The question is from a book (戴一奇. (1995). 图论与代数结构) about Graph Theory and Algebraic Structure (used as the textbook in our Discrete Math course). It is Problem 13 on Exercise 3.
Note. There is a similar question posted a while before by another (Prove that there is an Euler circuit in graph G), but the question seems to have not very much detailed explanation and still no answers yet.
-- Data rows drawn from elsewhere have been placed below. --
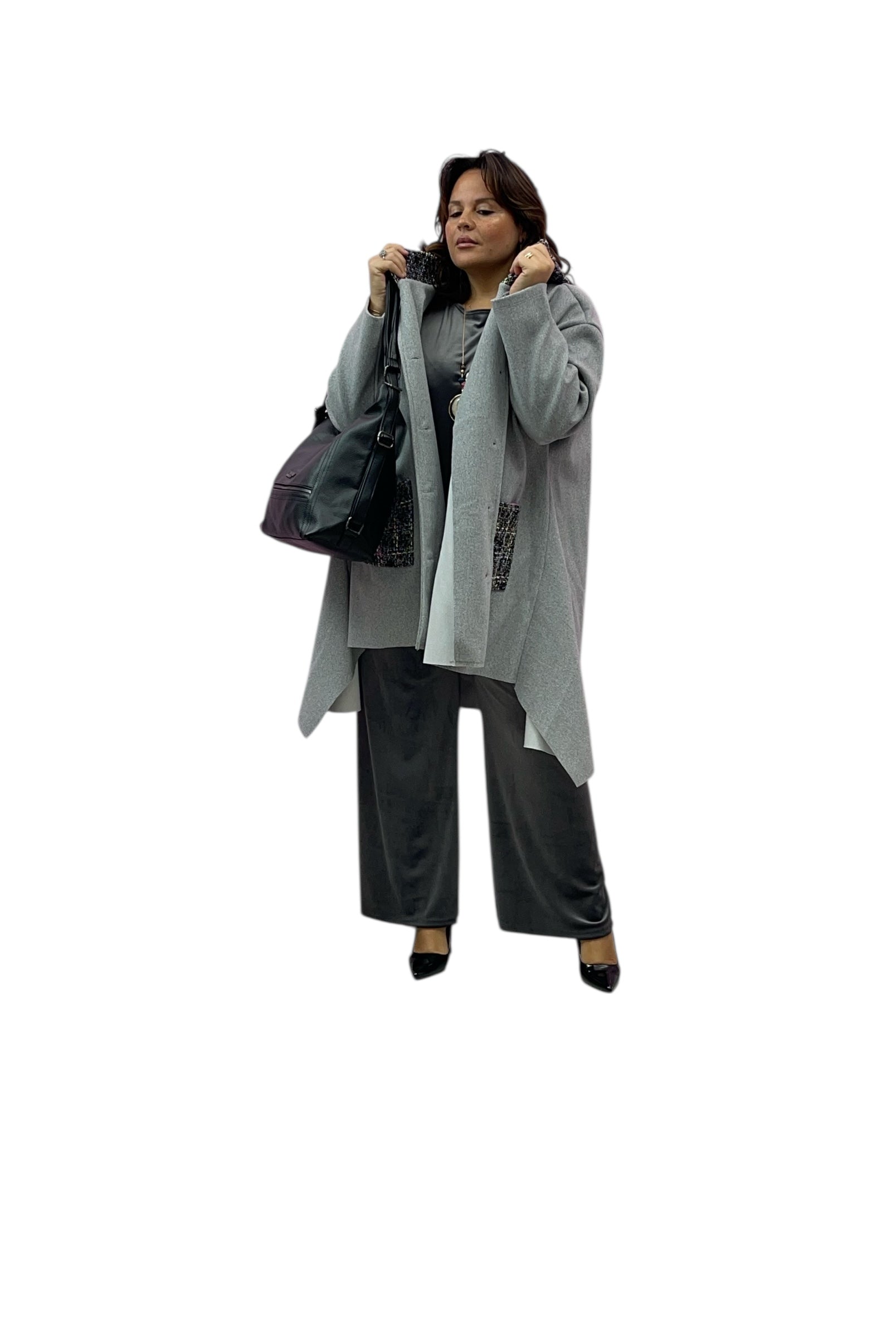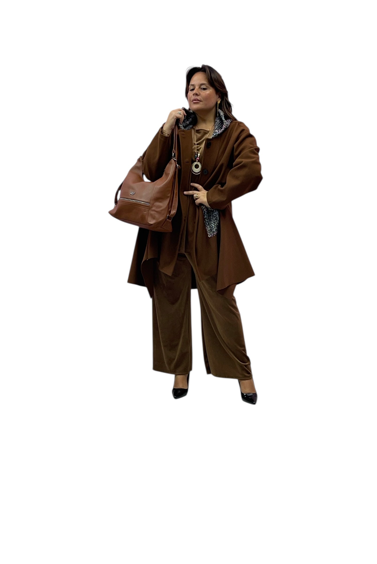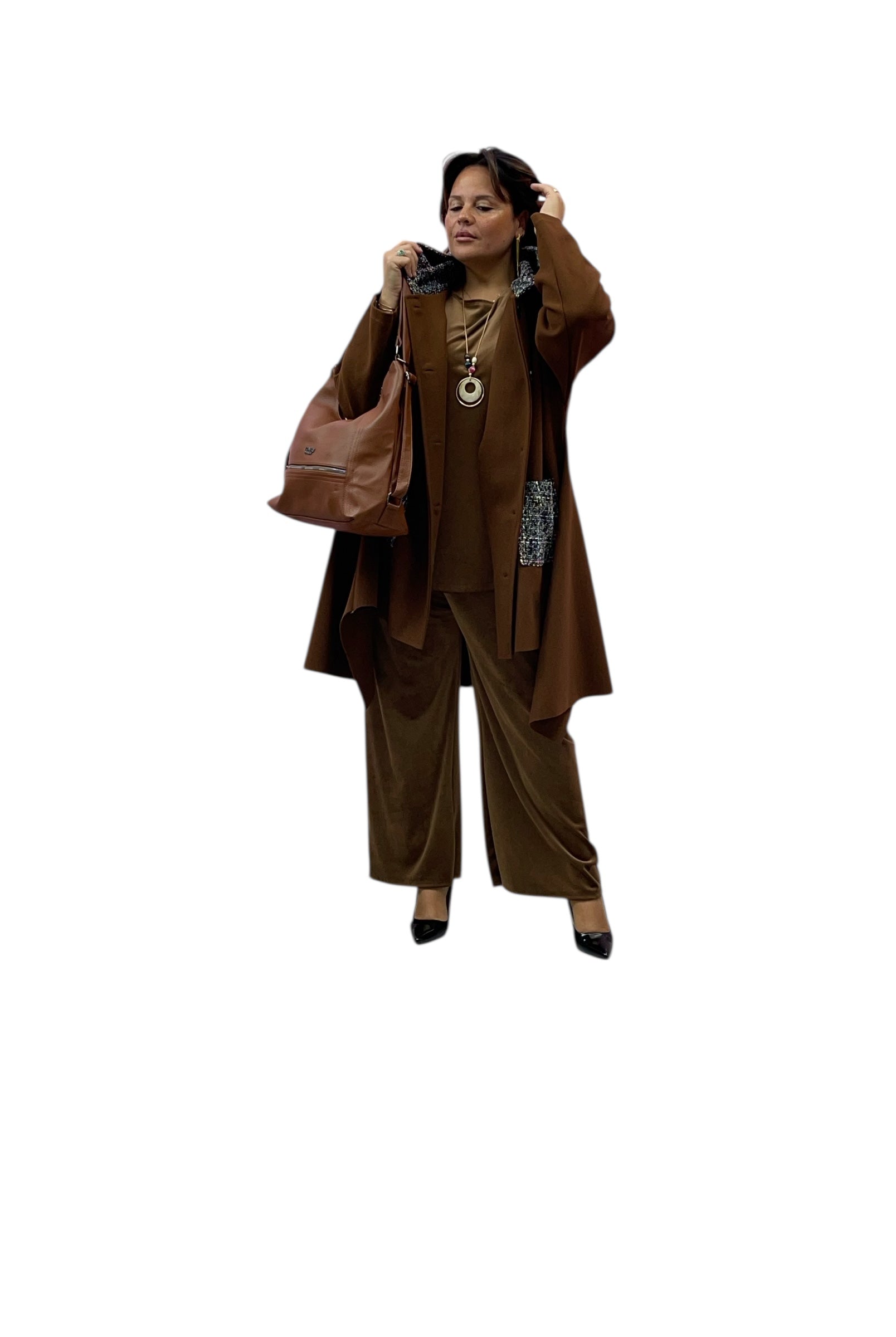 Completo over in ciniglia con casacca morbida e pantaloni con elastico in vita modello palazzo
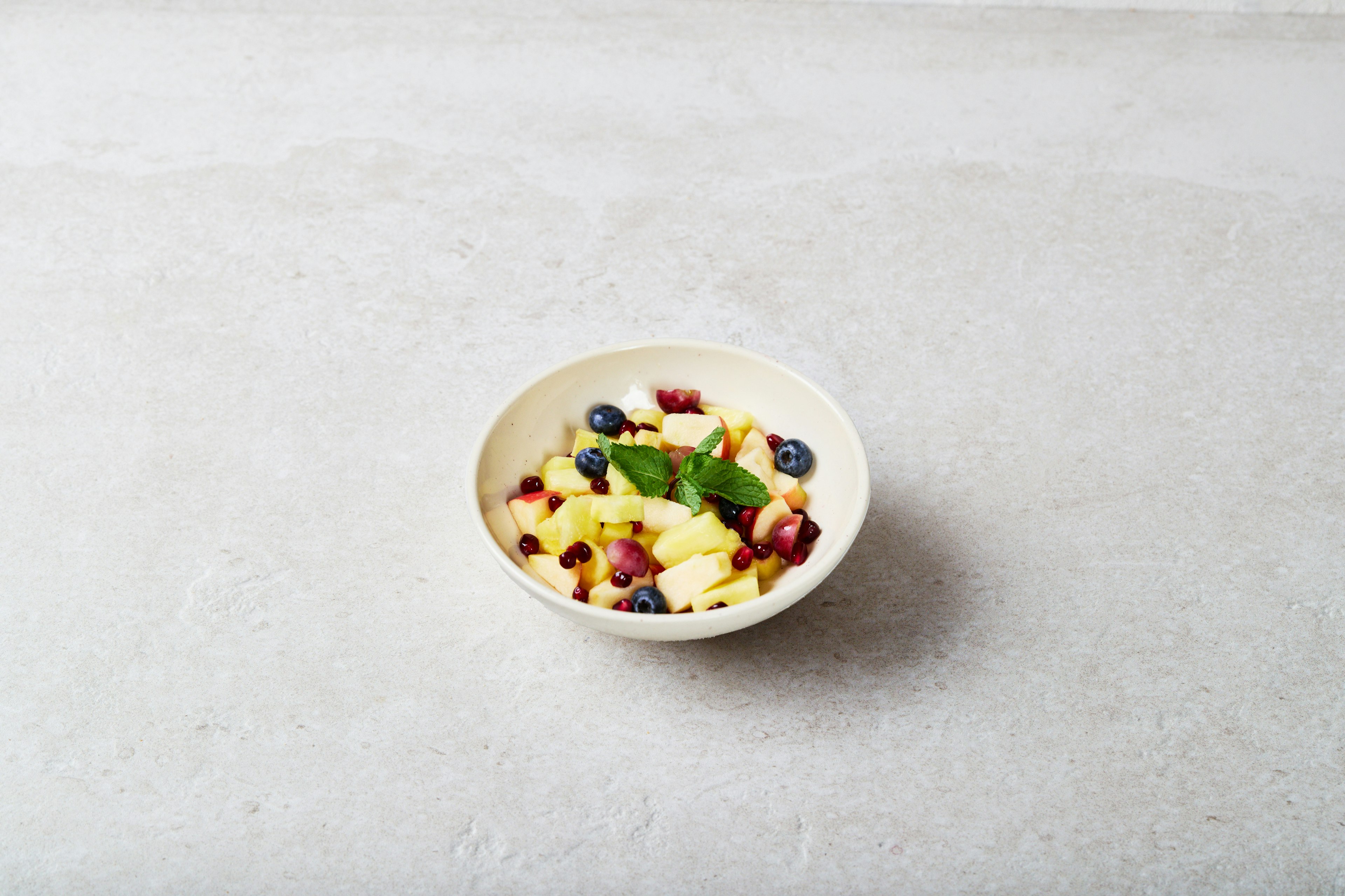 Een levendige mix van seizoensfruit, elke ochtend vers gesneden. Natuurlijk zoet en verfrissend, perfect voor een licht ontbijt of een heerlijk dessert.
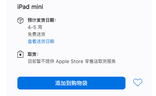 苹果官网显示,iPad mini 6 WiFi+5G 蜂窝网络版购买后预计会在 4~5 周内发货。

So I decided to rephrase it and post it again.
The definitions are new to me, so let me repeat them to see if they are correct.
We have an undirected connected graph $G$ and we've chosen a particular spanning tree $T$ of $G$. For every edge $e \in E(T)$, there is a corresponding fundamental cut-set: the set of all edges of $G$ between the two components of $T-e$.
Assuming the rows of the fundamental cut-set matrix give the fundamental cut-sets, the condition we are given is that every fundamental cut-set has an even number of edges.
In a graph with an Eulerian circuit, all cut-sets have an even number of edges: if the Eulerian circuit starts on one side of the cut-set, it must cross an even number of times to return where it started, and these crossings use every edge of the cut-set once. Conversely, if all cut-sets in a graph have an even number of edges, then in particular, all vertex degrees are even: the set of edges out of a vertex is a cut-set! So a connected graph is Eulerian if and only if all cut-sets have an even number of edges.
So it makes sense to try to prove this statement from the weaker statement that all fundamental cut-sets have an even number of edges.
Theorem. Every cut-set is a symmetric difference of fundamental cut-sets.
Proof. Take an arbitrary cut-set $E(X,Y)$ where $X$ and $Y$ partition $V(G)$. We'll show that $E(X,Y)$ is the symmetric difference of all the fundamental cut-sets given by edges in $E(T) \cap E(X,Y)$.
To see this, let $vw$ be any edge of $G$. The fundamental cut-sets containing $vw$ are exactly the ones given by edges on the unique $v-w$ path in $T$. Therefore the symmetric difference we're taking contains $vw$ iff an odd number of edges on this path cross between $X$ and $Y$. This happens iff $v$ and $w$ are on different sides of the cut, which happens iff $vw \in E(X,Y)$. $\qquad\square$
If two sets $A,B$ both have an even number of elements, then their symmetric difference $(A\cup B) - (A \cap B)$ also has an even number of elements, because $$|A \cup B| - |A \cap B| = (|A| + |B| - |A \cap B|) - |A \cap B| = |A|+|B|-2|A\cap B|$$ and all three terms of the final expression are even. By induction, the symmetric difference of any number of even sets is even. So if all fundamental cut-sets are even, then by the argument above, all cut-sets are even, and we are done.